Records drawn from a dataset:
********************
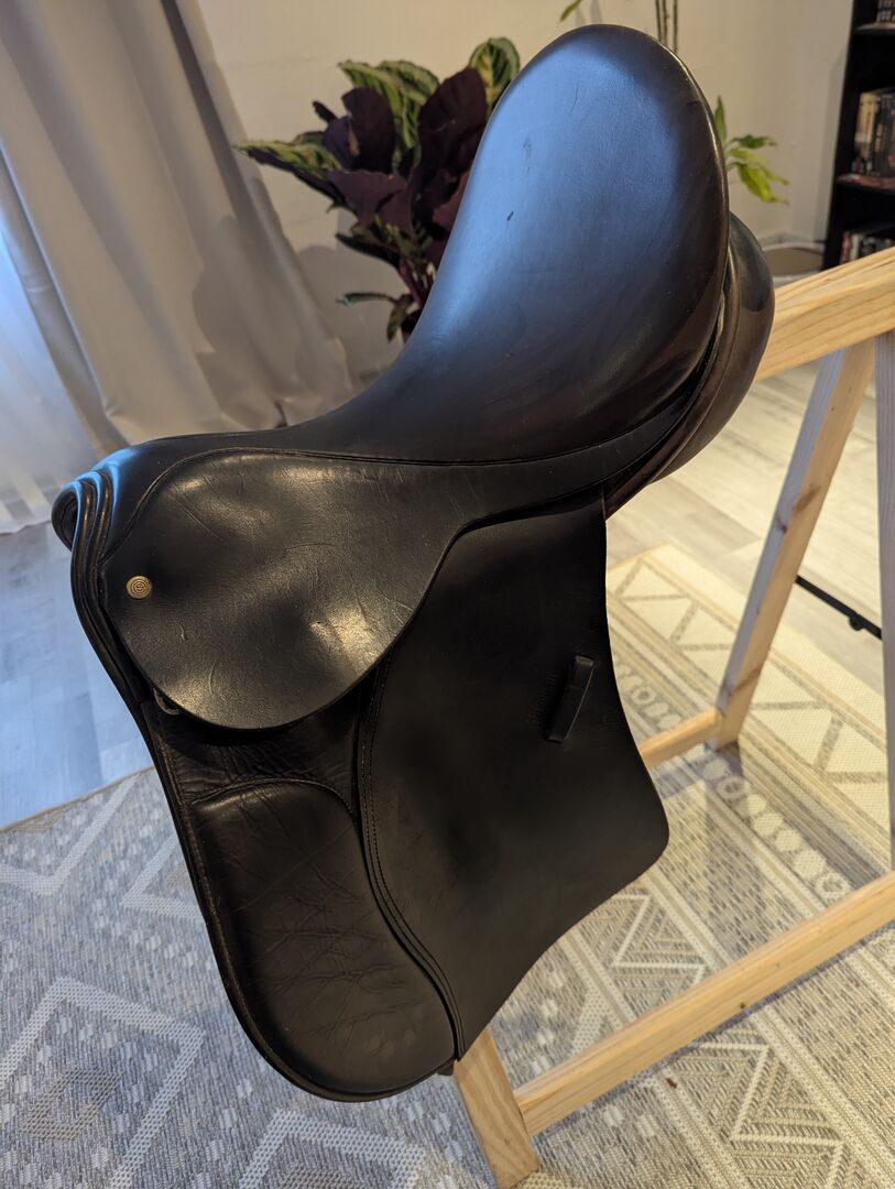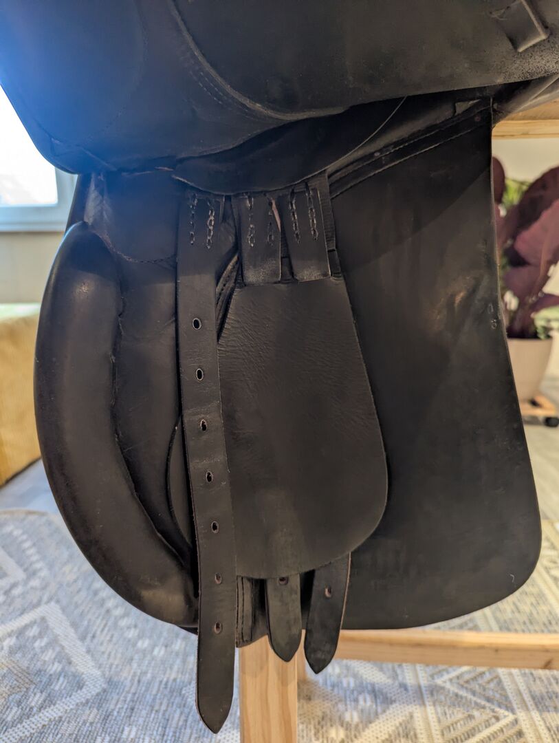 Jest używane i dlatego wykazuje kilka oznak zużycia, ale nadal jest w dobrym stanie. Nie było na koniu w ciągu ostatnich kilku lat, a ponieważ przeszedłem na jazdę westernową, nie jest już dla mnie użyteczne.
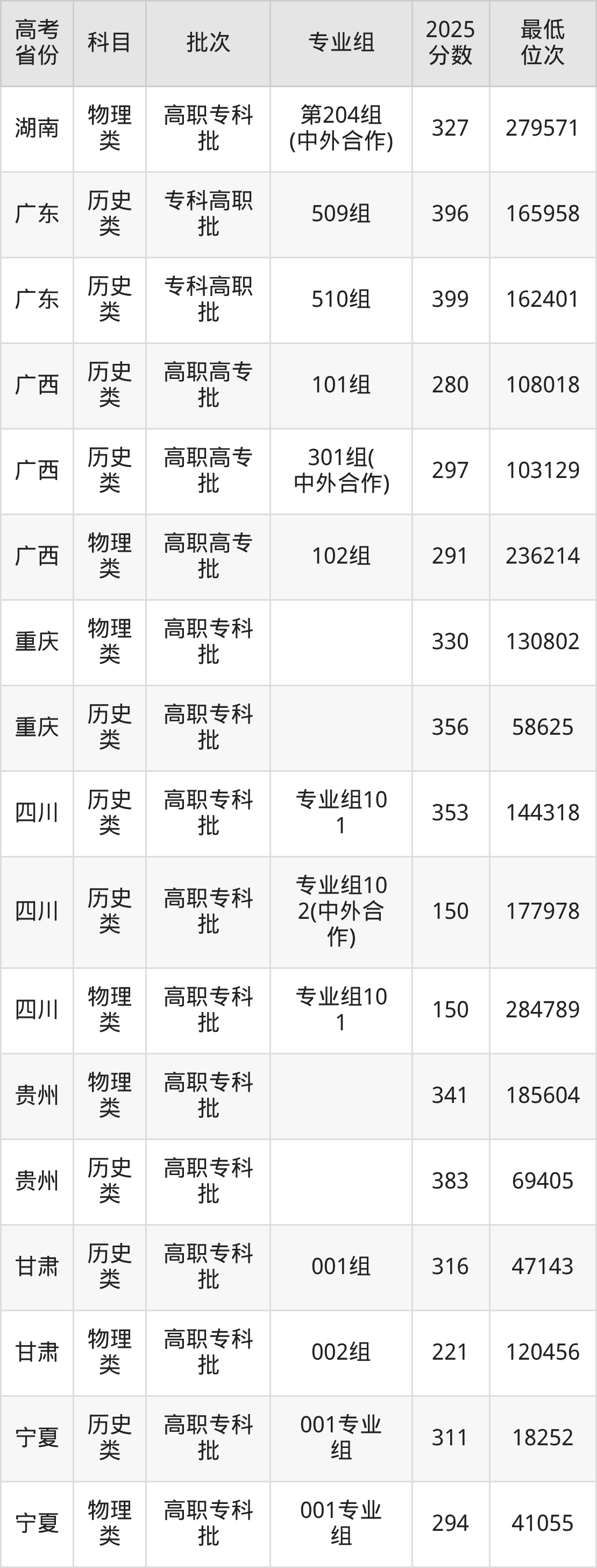| 学校 代码 | 科目 | 2025年 专业组 | 专业 代码 | 2025年 专业名称 | 收费 标准 |
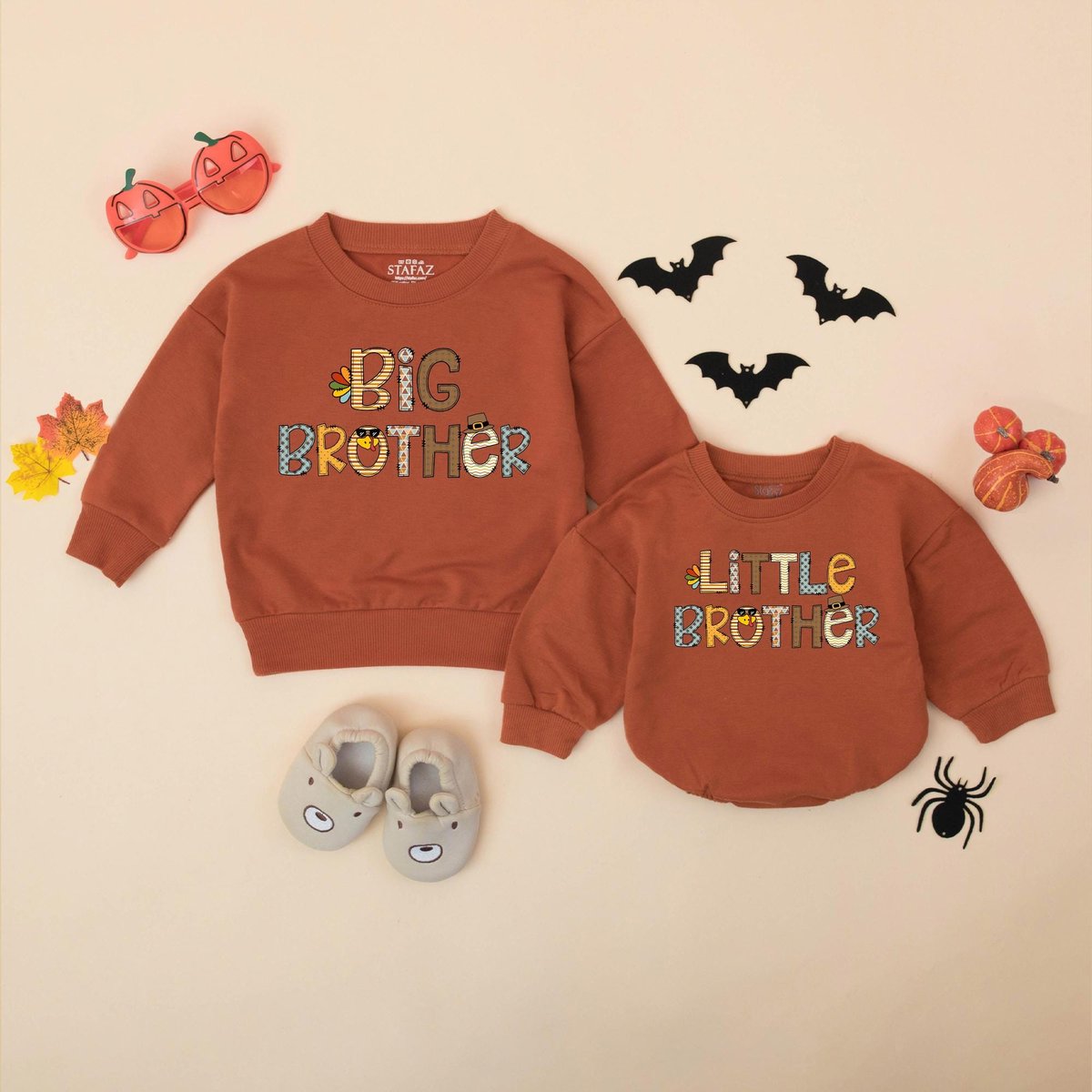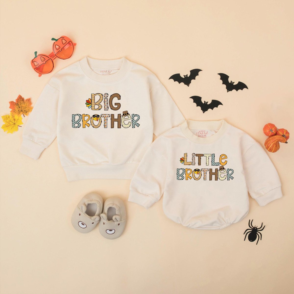 Big Brother Little Brother Thanksgiving Matching Shirts Fall Sibling Outfit Turkey Brother Matching 432
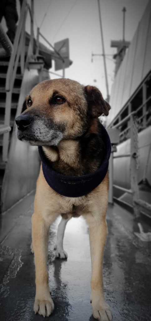 Ése año, un grupo de marinos lo encontró en Punta Chana cuando sólo era un cachorro, por lo que, tras la devastación que dejó la emergencia, fue rescatado y llevado hasta el buque patrullero Micalvi.
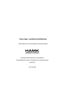 Opinnäytetyön tavoitteena oli kehittää toimeksiannon mukainen ERTI-raportointi Power Apps -sovellus. ERTI-raportointisovelluksella raportoidaan ensihoidon erityistilanneyksikön (E EP088) tehtävänaikaisia tapahtumia ja toimenpiteitä. Opinnäytetyössä tutkittiin, soveltuuko Power Apps -sovellus toimeksiantajan käyttötarkoitukseen, voiko Power Automatella toteuttaa sovelluksen taustalla tapahtuvia automaatioita, ja mitä M365-palveluita tarvitaan, että sovellus voitiin kehittää. Opinnäytetyön toimeksiantaja on Etelä-Pohjanmaan sairaanhoitopiirin ensihoitopalvelu.
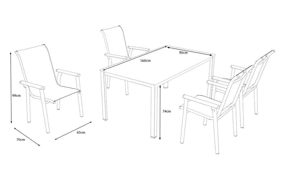 Die gesamte Essgruppe ist für den ganzjährigen Outdoor-Einsatz geeignet. Aluminium ist korrosionsbeständig, die Bespannung schnelltrocknend und die Kettalitplatte leicht zu reinigen. Verschmutzungen lassen sich bequem entfernen, sodass das Set jederzeit ein gepflegtes Erscheinungsbild behält. |
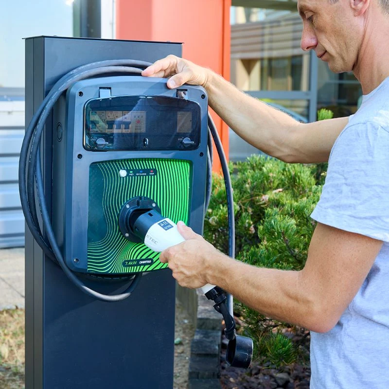 Prêt à l’emploi, le boîtier électrique est pré-câblé. Ce coffret de recharge est muni d’un contrôleur qui communique avec le véhicule et qui active le contacteur de puissance intégré pour réaliser la recharge électrique. Ce coffret comprends également l’ensemble des protections électriques, à savoir un interrupteur différentiel type B et différents disjoncteurs de protection pour protéger l’ensemble du système de recharge.
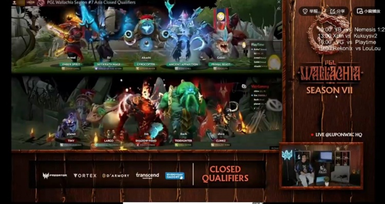 夜魇VG:planet小小、y'朗戈、Xm影魔、Bach潮汐猎人、shiro克林克兹
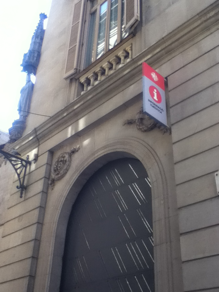 ランブラン通りからフェルマン通りに入りしばらく進んだ処にこちらの広場がある。広場はあまり広くはないが、広場の周りには市庁舎や観光局のインフォメーション等施設がある。観光で分からないことがあれば、こちらのインフォメーションに尋ねるのもいい。また北側にはカテドラルや王の広場、歴史博物館等観光施設があり、その途中の狭い路地沿いには中世の建物が今も残っている。広場から東側へ進めば、ピカソ美術館等のあるリベラ地区がある。これら付近の観光施設とともに、訪問するのもいいかもしれない。
********************
* **PROBLEM**: From the records above, give again only the part that opens with the line containing "Ése año, un" and closes with the line containing "Die gesamte Essgruppe". Keep both ends but drop the pictures.

* **SOLUTION**:
 Ése año, un grupo de marinos lo encontró en Punta Chana cuando sólo era un cachorro, por lo que, tras la devastación que dejó la emergencia, fue rescatado y llevado hasta el buque patrullero Micalvi.
 Opinnäytetyön tavoitteena oli kehittää toimeksiannon mukainen ERTI-raportointi Power Apps -sovellus. ERTI-raportointisovelluksella raportoidaan ensihoidon erityistilanneyksikön (E EP088) tehtävänaikaisia tapahtumia ja toimenpiteitä. Opinnäytetyössä tutkittiin, soveltuuko Power Apps -sovellus toimeksiantajan käyttötarkoitukseen, voiko Power Automatella toteuttaa sovelluksen taustalla tapahtuvia automaatioita, ja mitä M365-palveluita tarvitaan, että sovellus voitiin kehittää. Opinnäytetyön toimeksiantaja on Etelä-Pohjanmaan sairaanhoitopiirin ensihoitopalvelu.
 Die gesamte Essgruppe ist für den ganzjährigen Outdoor-Einsatz geeignet. Aluminium ist korrosionsbeständig, die Bespannung schnelltrocknend und die Kettalitplatte leicht zu reinigen. Verschmutzungen lassen sich bequem entfernen, sodass das Set jederzeit ein gepflegtes Erscheinungsbild behält. |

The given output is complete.